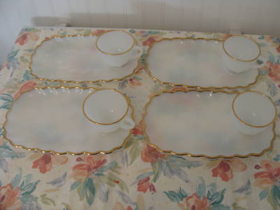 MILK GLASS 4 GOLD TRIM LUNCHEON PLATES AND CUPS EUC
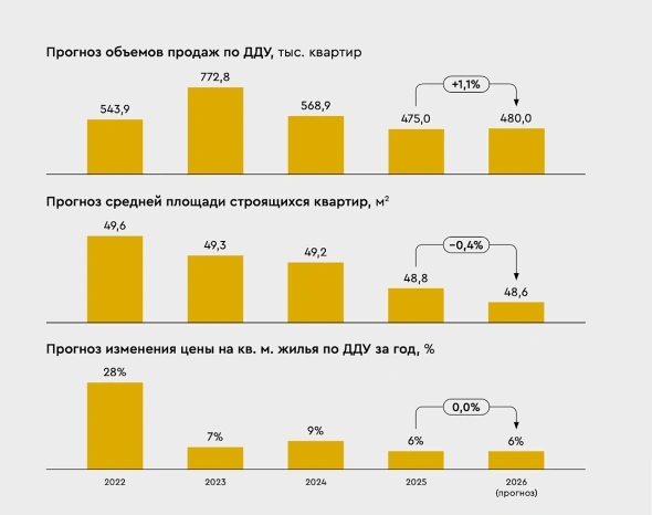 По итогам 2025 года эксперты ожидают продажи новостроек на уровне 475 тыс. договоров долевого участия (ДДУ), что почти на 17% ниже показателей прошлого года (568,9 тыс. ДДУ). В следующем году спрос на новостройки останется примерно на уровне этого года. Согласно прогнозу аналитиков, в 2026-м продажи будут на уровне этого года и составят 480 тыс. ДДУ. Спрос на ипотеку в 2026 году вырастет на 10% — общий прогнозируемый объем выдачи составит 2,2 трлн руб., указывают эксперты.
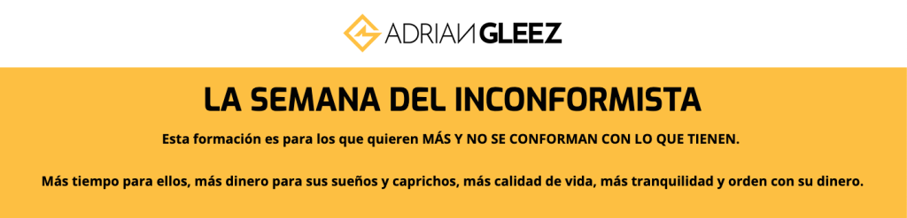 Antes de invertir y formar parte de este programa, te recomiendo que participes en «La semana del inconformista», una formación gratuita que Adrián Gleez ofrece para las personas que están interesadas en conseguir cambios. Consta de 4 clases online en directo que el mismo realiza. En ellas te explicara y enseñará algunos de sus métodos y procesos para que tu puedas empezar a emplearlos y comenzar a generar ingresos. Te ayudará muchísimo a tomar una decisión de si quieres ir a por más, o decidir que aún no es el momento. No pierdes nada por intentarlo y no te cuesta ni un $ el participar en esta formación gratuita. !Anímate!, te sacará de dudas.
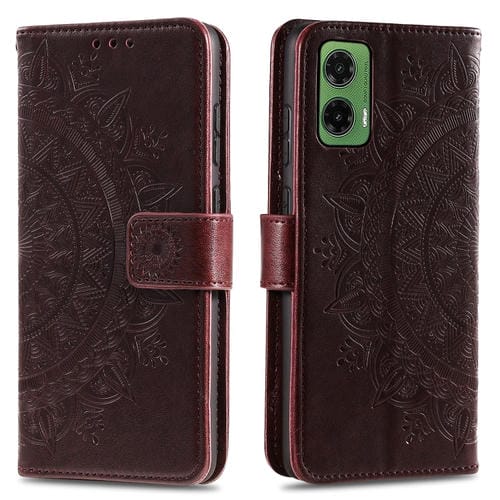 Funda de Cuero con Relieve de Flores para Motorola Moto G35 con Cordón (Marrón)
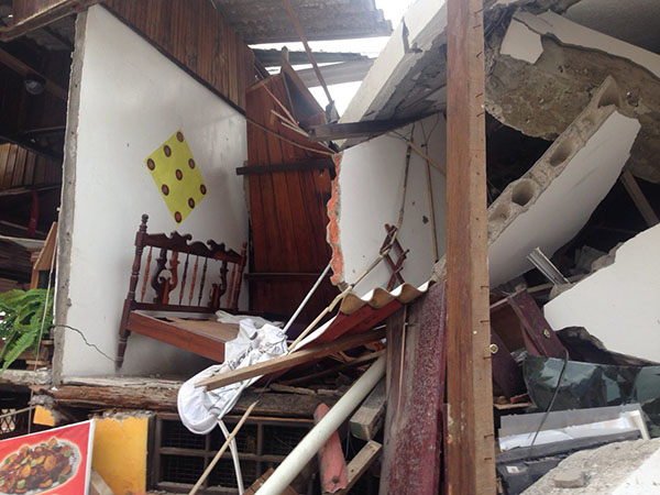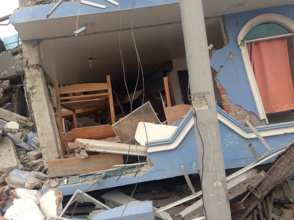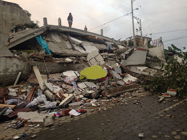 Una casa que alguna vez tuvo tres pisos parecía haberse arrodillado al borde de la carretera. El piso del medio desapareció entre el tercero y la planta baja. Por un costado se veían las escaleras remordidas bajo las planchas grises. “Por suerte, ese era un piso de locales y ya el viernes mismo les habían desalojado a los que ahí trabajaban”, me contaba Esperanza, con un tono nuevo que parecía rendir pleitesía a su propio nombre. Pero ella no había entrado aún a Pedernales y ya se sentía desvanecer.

---------------

• _Task details_
The whole listing above needs to be copied exactly; please keep the pictures out.

• _Response below_
 MILK GLASS 4 GOLD TRIM LUNCHEON PLATES AND CUPS EUC
 По итогам 2025 года эксперты ожидают продажи новостроек на уровне 475 тыс. договоров долевого участия (ДДУ), что почти на 17% ниже показателей прошлого года (568,9 тыс. ДДУ). В следующем году спрос на новостройки останется примерно на уровне этого года. Согласно прогнозу аналитиков, в 2026-м продажи будут на уровне этого года и составят 480 тыс. ДДУ. Спрос на ипотеку в 2026 году вырастет на 10% — общий прогнозируемый объем выдачи составит 2,2 трлн руб., указывают эксперты.
 Antes de invertir y formar parte de este programa, te recomiendo que participes en «La semana del inconformista», una formación gratuita que Adrián Gleez ofrece para las personas que están interesadas en conseguir cambios. Consta de 4 clases online en directo que el mismo realiza. En ellas te explicara y enseñará algunos de sus métodos y procesos para que tu puedas empezar a emplearlos y comenzar a generar ingresos. Te ayudará muchísimo a tomar una decisión de si quieres ir a por más, o decidir que aún no es el momento. No pierdes nada por intentarlo y no te cuesta ni un $ el participar en esta formación gratuita. !Anímate!, te sacará de dudas.
 Funda de Cuero con Relieve de Flores para Motorola Moto G35 con Cordón (Marrón)
 Una casa que alguna vez tuvo tres pisos parecía haberse arrodillado al borde de la carretera. El piso del medio desapareció entre el tercero y la planta baja. Por un costado se veían las escaleras remordidas bajo las planchas grises. “Por suerte, ese era un piso de locales y ya el viernes mismo les habían desalojado a los que ahí trabajaban”, me contaba Esperanza, con un tono nuevo que parecía rendir pleitesía a su propio nombre. Pero ella no había entrado aún a Pedernales y ya se sentía desvanecer.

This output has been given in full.